MATERIAL PROVIDED:
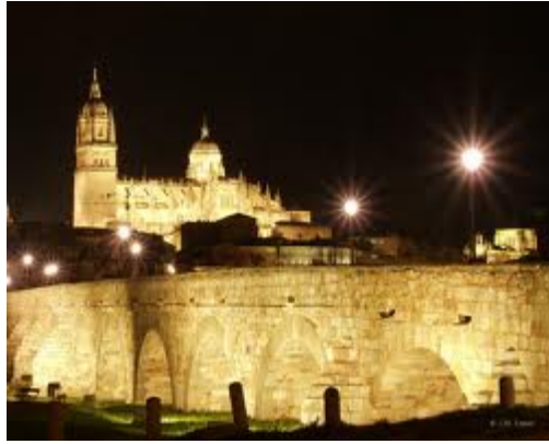
View of Salamanca – Cathedral and Roman Bridge

It is situated approximately 200 km (124 mi) west of Madrid and 80 km (50 mi) east of the Portuguese border. The University of Salamanca, which was founded in 1218, is the oldest university in Spain and the third oldest western university. With its 30,000 students, the university is, together with tourism, the economic engine of the city.
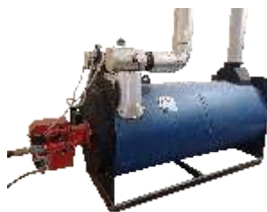
Gas Fired Thermic Fluid Boiler (Range 2 Lac Kcal/hr. to 25 Lac Kcal/hr.)
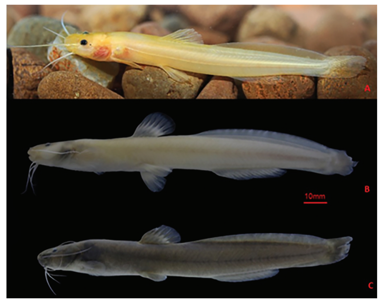
Figure 2. Lateral view of Heptapterus mustelinus from the coastal streams of the Mampituba River A leucistic individual in life (54.74 mm SL), UNICTIO 2396 B leucistic individual fixed (112.8mm SL), UNICTIO 2035-2 C Individual with regular pattern color (87.7 mm SL), UNICTIO 2395-9.

One leucistic individual was an adult with 112.8 mm SL, and three were juveniles with a mean SL of 62.5 mm (SD = 15.20). The results of the PC2 and PC3 axis show that the leucistic individuals fit into the general H. mustelinus measurement pattern (Fig. 3). PCA showed additionally that the fish were grouped by species pattern measurement, and that the populations of the Mampituba River encompass all groups.
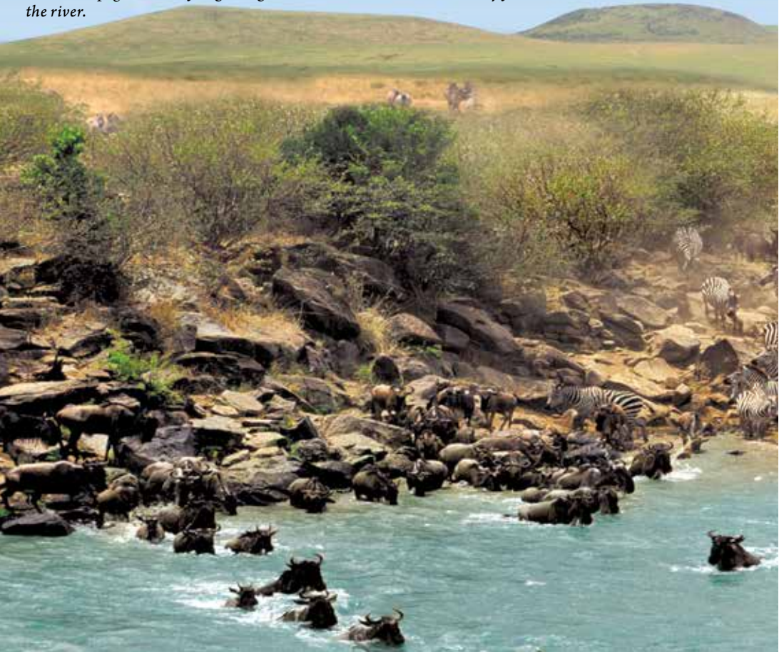
Photo this page: Herds of migrating wildebeest and zebra instinctively follow a brave leader across the river.

Cover photo: Watch for prides of the majestic African lion walking through tall grass.
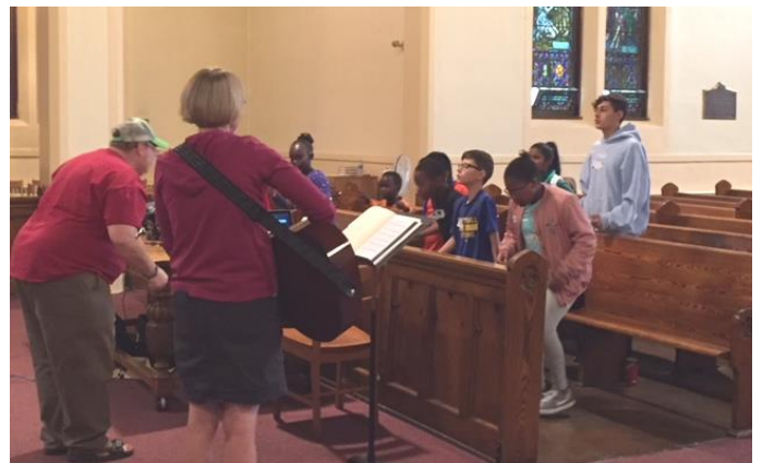
Singing at First
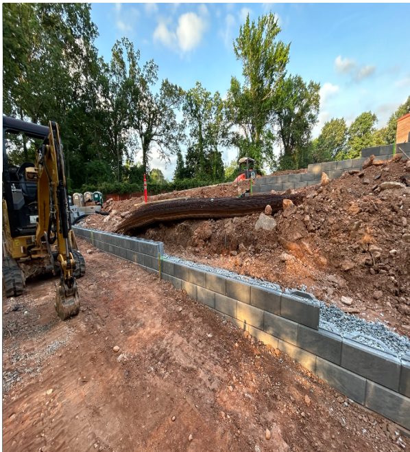
Begin Modular wall work
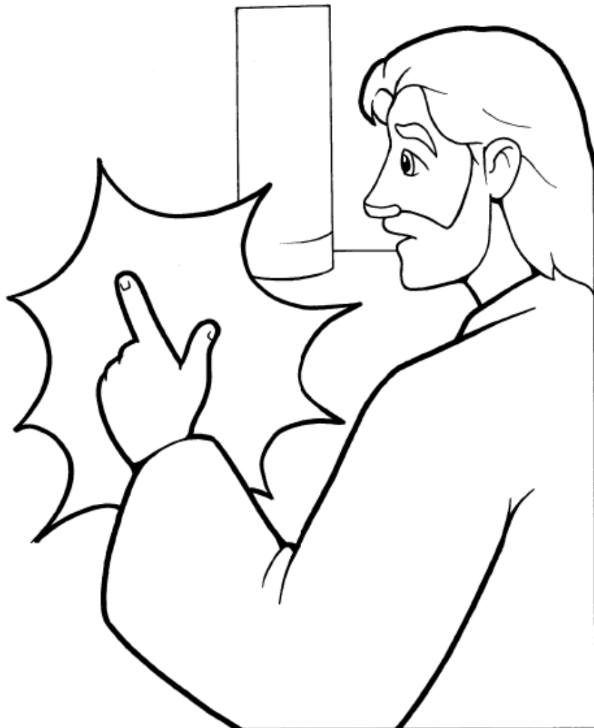
Jesus Appears to the Disciples
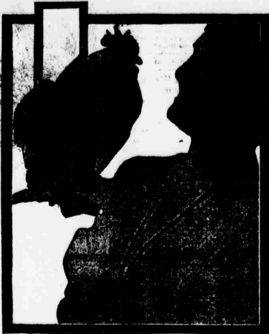
Perched high on the hand of his admiring owner, this rooster doesn't seem to be embarrassed a bit. He is being fitted for the poultry show held in connection with the fair. There is no industry of more interest to all people than poultry. It is one of our biggest businesses. Liberal prizes for poultry are offered by the Nebraska State Fair, Lincoln, Sept. 4 to 9.

REQUIREMENT: Could you transcribe exactly the entries above, but only the lines from the one with "Gas Fired Thermic" through the one with "Figure 2. Lateral", and without pictures?

ANSWER BOX:
Gas Fired Thermic Fluid Boiler (Range 2 Lac Kcal/hr. to 25 Lac Kcal/hr.)
Figure 2. Lateral view of Heptapterus mustelinus from the coastal streams of the Mampituba River A leucistic individual in life (54.74 mm SL), UNICTIO 2396 B leucistic individual fixed (112.8mm SL), UNICTIO 2035-2 C Individual with regular pattern color (87.7 mm SL), UNICTIO 2395-9.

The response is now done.